SEPARATING WINNERS FROM LOSERS AMONG VALUE AND GROWTH STOCKS IN DIFFERENT US EXCHANGES: 1969–2011
George Athanassakos
The purpose of this paper is twofold: (a) to determine whether there is value premium in our sample of US stocks for the period May 1, 1969–April 30, 2011; and (b) to examine whether an additional screening to the first step of the value investing process can be employed to separate the outperforming value and growth stocks from the underperforming ones. In this paper, we document the following: We find a consistently strong and pervasive value premium over the sample period.
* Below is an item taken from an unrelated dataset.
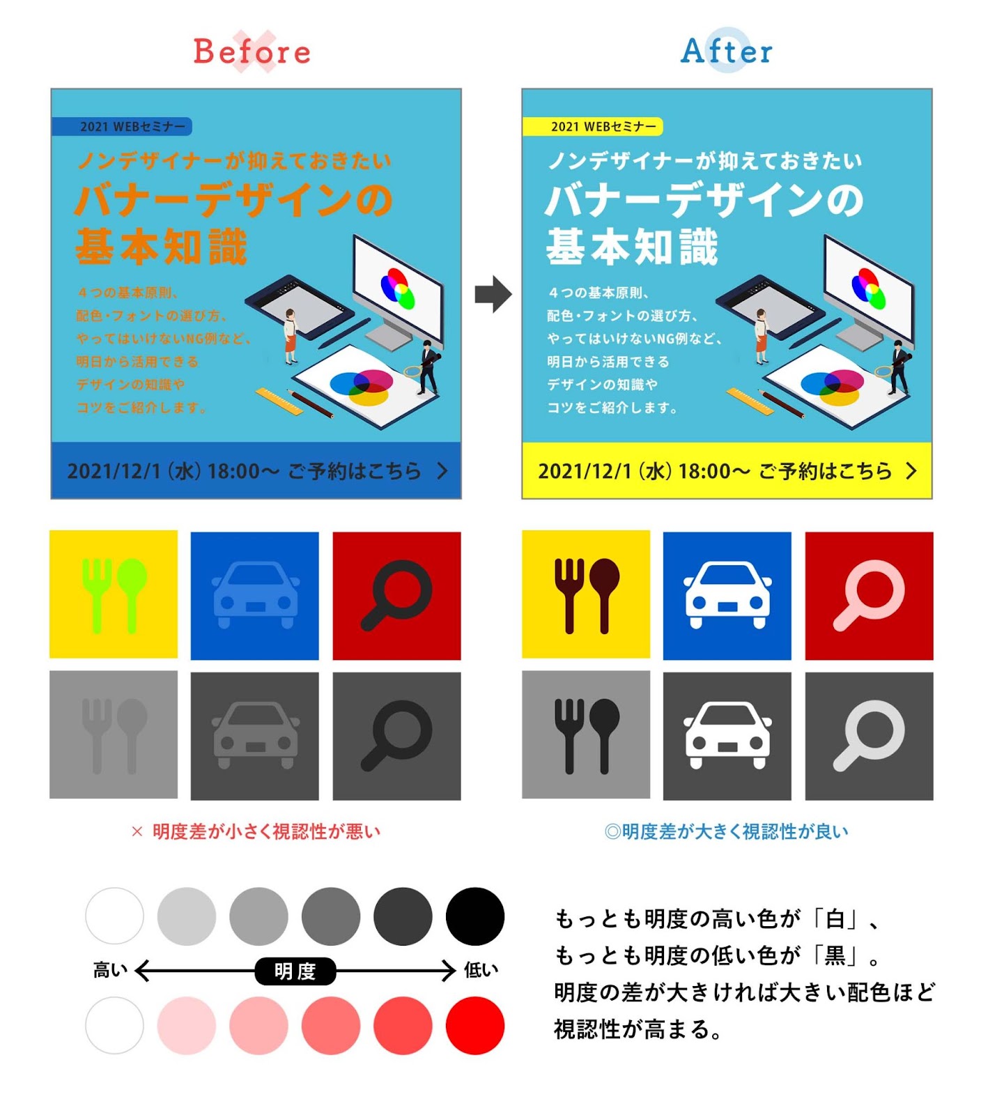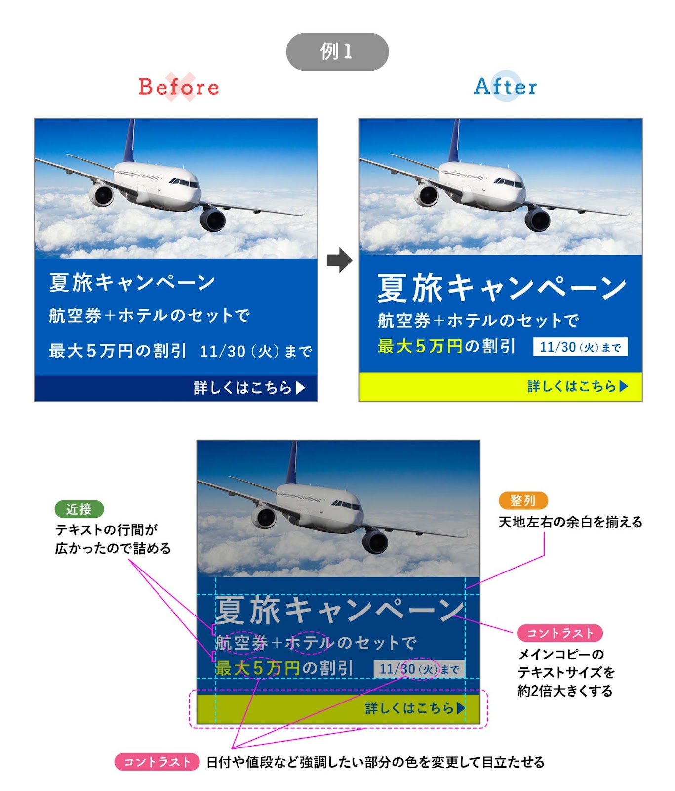 このようにデザインの基礎知識を身につけるだけで、バナー広告の印象を大きく変えることができるようになります。
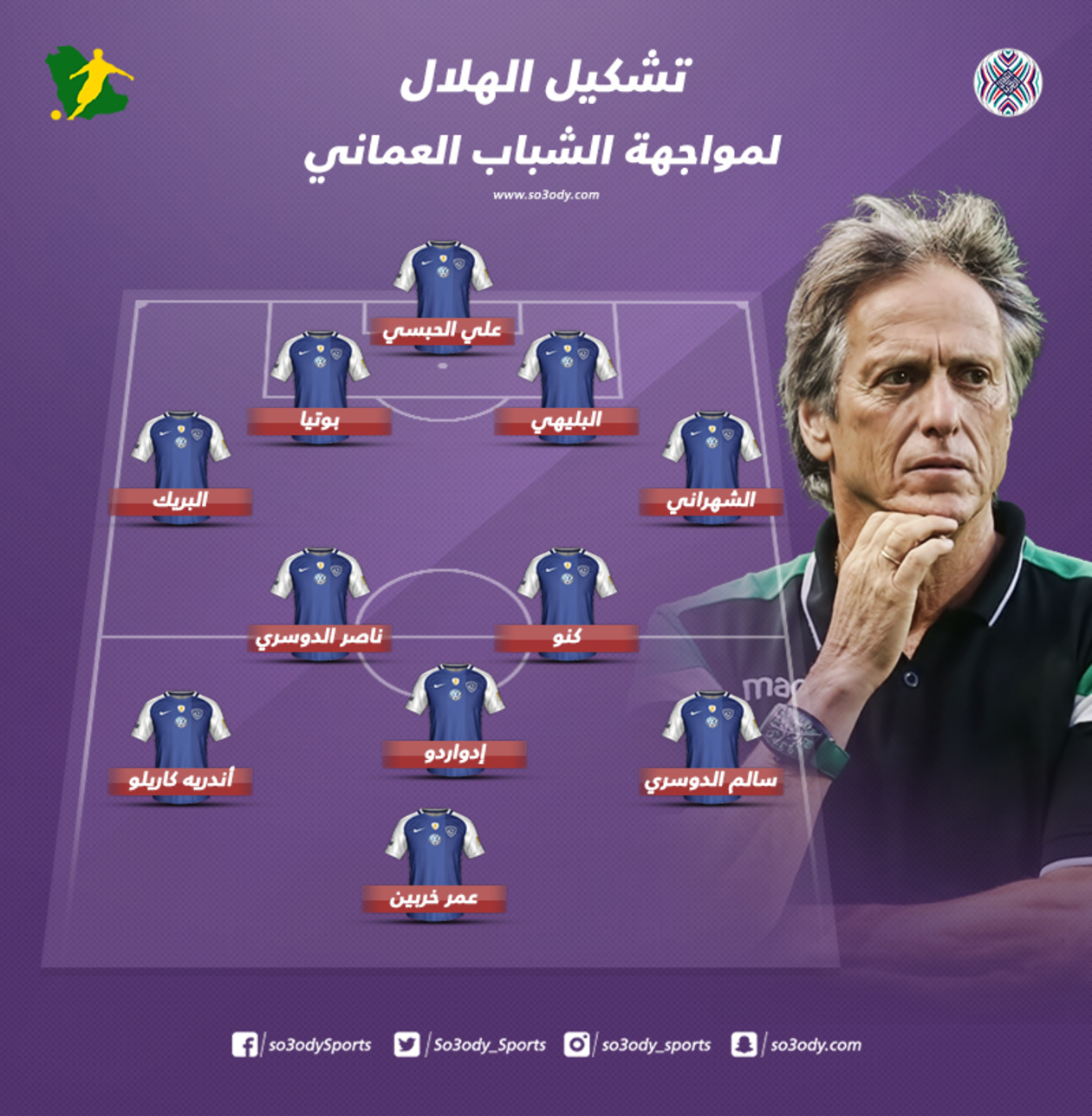 أعلن البرتغالي خوروخي جيسوس المدير الفني للفريق الأول لكرة القدم بنادي الهلال، تشكيل الفريق استعدادا لمواجهة الشباب العماني.

We show that there are distinct differences between US exchanges which means that papers that aggregate all US exchanges under one umbrella may dilute findings and bias conclusions. The stocks of AMEX firms, high business risk firms and firms that report extraordinary items experience worse returns than the rest of the US stocks in our sample. We find that P/E based sortings produce better overall results than sortings based on P/B.We are able to construct a composite score indicator (SCORE), combining various fundamental and market metrics, which enable us not only to separate the winners from the losers among value and growth stocks, but also to predict future returns of value and growth stocks. SCORE portfolios give better results for sortings based on P/E and when we employed a cross-section–time series medians approach. Results remain robust for a time period out of sample, for negative P/E or P/B ratio firms and for the firms that were excluded from SCORE-based performance, namely, AMEX stocks, stocks with high business risk and firms that reported extraordinary items the year before. Finally, we provide evidence that the return of a portfolio strategy that buys (sells) stocks that rank low (high) in the composite score indicator has significant explanatory power in an asset pricing model framework and that such a strategy earns statistically significant positive returns.